JAKARTA – Di balik riuhnya aktivitas kota metropolitan hingga senyapnya wilayah terdepan, terluar, dan tertinggal (3T) di ujung Indonesia, ada satu kesamaan yang menggerakkan mereka: energi. Memastikan pasokan BBM dan LPG tetap menyala di setiap jengkal negeri bukan perkara mudah.
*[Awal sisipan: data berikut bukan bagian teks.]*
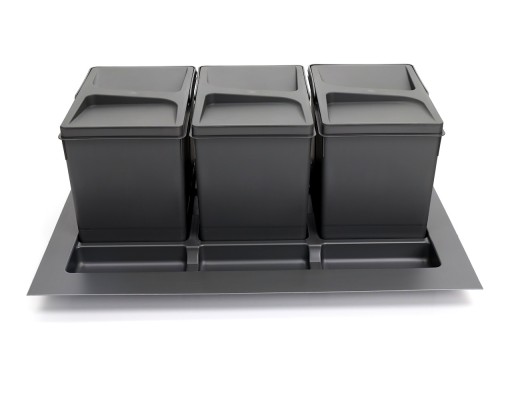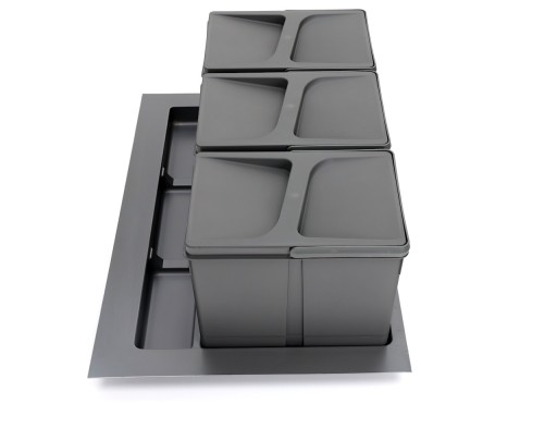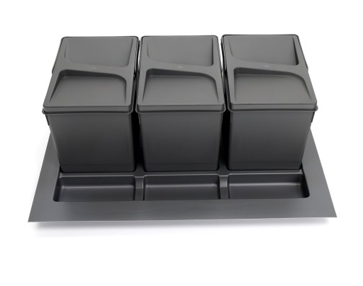 Segregacja odpadów UNICO firmy HAFELE zdecydowanie ułatwi utrzymanie czystości w szufladach oraz zagwarantuje funkcjonalną segregację. Zestaw został wyposażony w 3 pojemniki, każdy z nich posiada osobną pokrywę oraz składany uchwyt ułatwiający wyjęcie kosza z wnętrza szuflady. Sortowniki przeznaczone są do wszystkich rodzajów szuflad o minimalnej szerokości zewnętrznej szafki 800 mm. Świetnie sprawdzą się zwłaszcza pod zlewozmywakiem. Wkład jest elastyczny, tzn. umożliwia docięcie do potrzebnych wymiarów (zapas na krawędziach). Minimalny wymiar podstawy to 640 x 410 mm, a maksymalny 736 x 480 mm. Wysokość pojemników to 266 mm. Segregator sprawdzi się w szufladzie o głębokości 450 lub 500 mm.
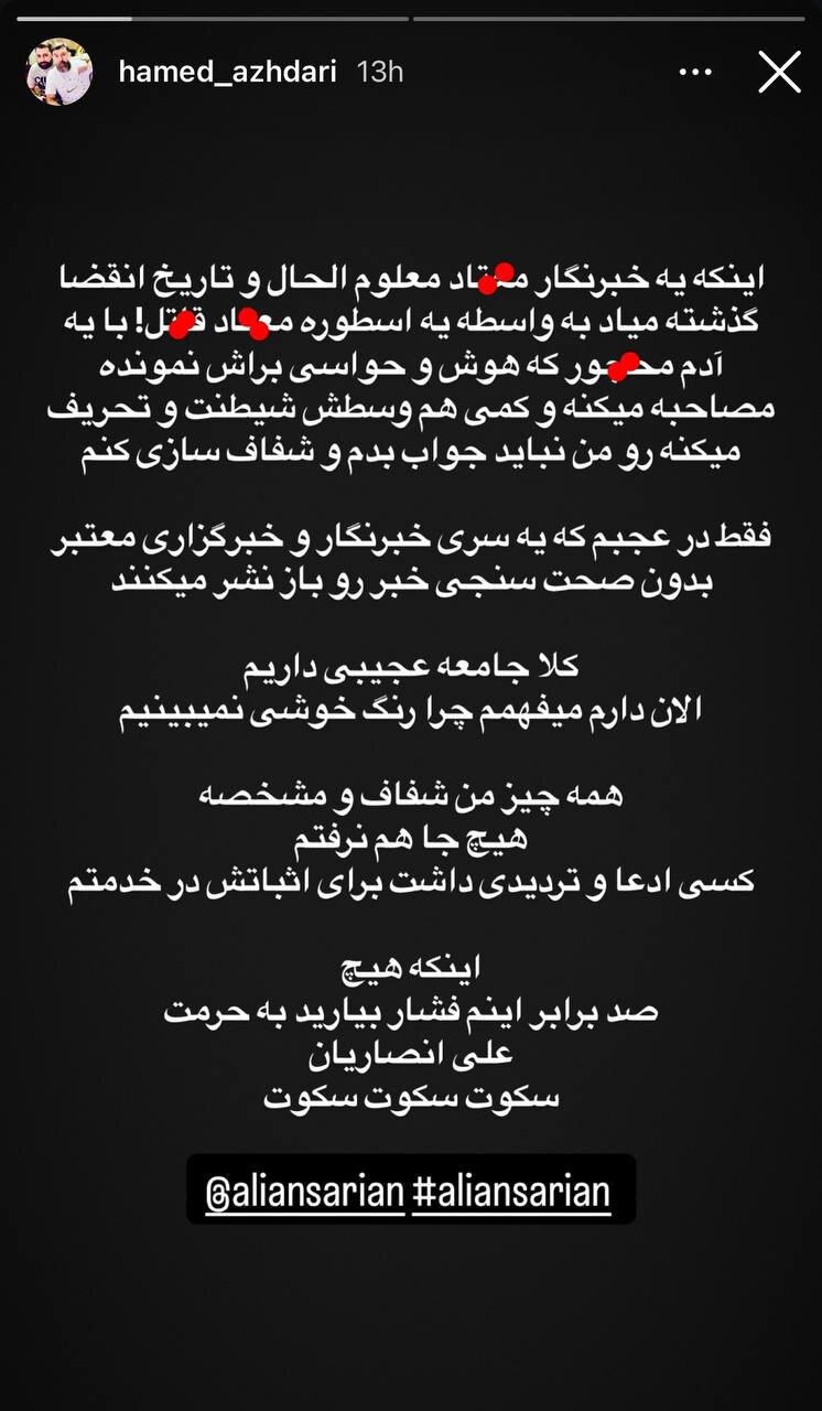 حامد اژدری، داماد خانواده انصاریان با انتشار یک استوری به حواشی اخیر واکنش نشان داد.

Namun, melalui rantai pasok yang terintegrasi, PT Pertamina (Persero) sukses membuktikan komitmennya sebagai benteng ketahanan energi nasional.
Sepanjang tahun 2025, Pertamina melalui Subholding Downstream bergerak masif menyalurkan energi bersubsidi dan penugasan ke tangan masyarakat. Angkanya tidak main-main:
18,23 juta kiloliter Solar Subsidi
28,06 juta kiloliter Pertalite
507,94 ribu kiloliter Minyak Tanah
8,52 juta metrik ton LPG Tabung 3 Kg
Angka-angka raksasa ini bukan sekadar statistik, melainkan bahan bakar utama yang menjaga roda ekonomi masyarakat bawah tetap berputar.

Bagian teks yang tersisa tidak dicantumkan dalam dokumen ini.